States Face Funding Cuts Over Election Security

States Face Funding Cuts Over Election Security

Source: FOX News

Summary

The Department of Homeland Security (DHS) will withhold billions in preparedness grant funding from states that refuse to adopt new election-security measures, including voter citizenship verification, post-election audits, and expanded use of paper ballots. To qualify for grants, states must submit plans to transition away from “unsecure electronic voting systems” and conduct manual audits of at least 5% of all ballots cast. States must also verify the citizenship of every listed voter in the state using the SAVE database.


Our Reading

As expected, the matter has reached another stage.
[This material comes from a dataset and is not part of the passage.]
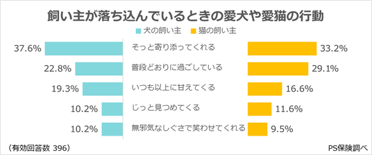 ・「そっと寄り添ってくれる」(犬の飼い主:37.6%、猫の飼い主:33.2%)。
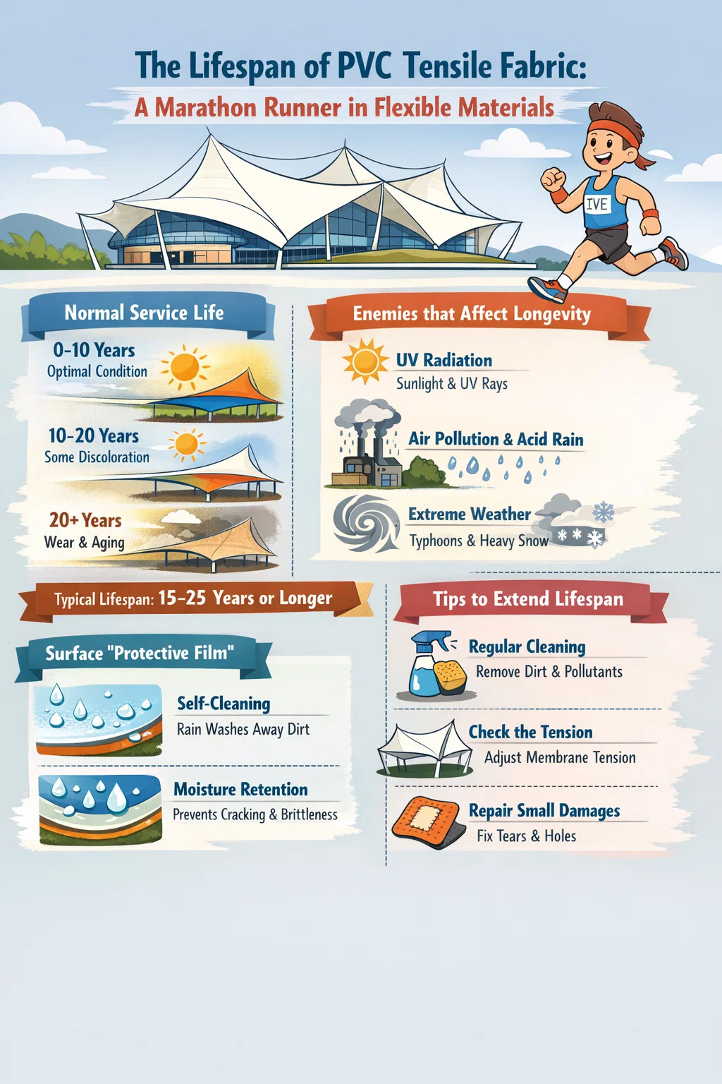 În condiții de întreținere normală, structurile de țesături elastice din PVC de înaltă calitate pot dura de obicei între 15 și 25 de ani sau chiar mai mult.

The Department of Homeland Security is making more than $1 billion in taxpayer funding available to states that want to participate in its Homeland Security Grant Program, but with a catch. States must adopt new election-security measures, including voter citizenship verification and manual audits. The agency argues that these measures will preserve election integrity and ensure that Americans can trust the results. The new rules come as the Trump administration suffered a major loss in court while seeking to force the issue of election security.

States must now verify the citizenship of every listed voter in the state using the SAVE database. The SAVE database has been criticized by some Democratic governors for being insufficiently upkept. The new rules may or may not be tested in a similar fashion.

The process has entered a familiar phase: the tug-of-war between the federal government and states over election security. The Department of Homeland Security is taking decisive action to protect election systems from threats, while states are pushing back against what they see as an overreach of federal power.

And so, the ritual continues: the back-and-forth between the federal government and states, the court battles, and the heated rhetoric. The performance is familiar, the script well-rehearsed.

But amidst the familiar, there is a subtle shift: the SAVE database, once a tool for verifying the eligibility of immigrants for government benefits, is now being used to verify the citizenship of voters. The database, once a minor player in the election security drama, has taken center stage.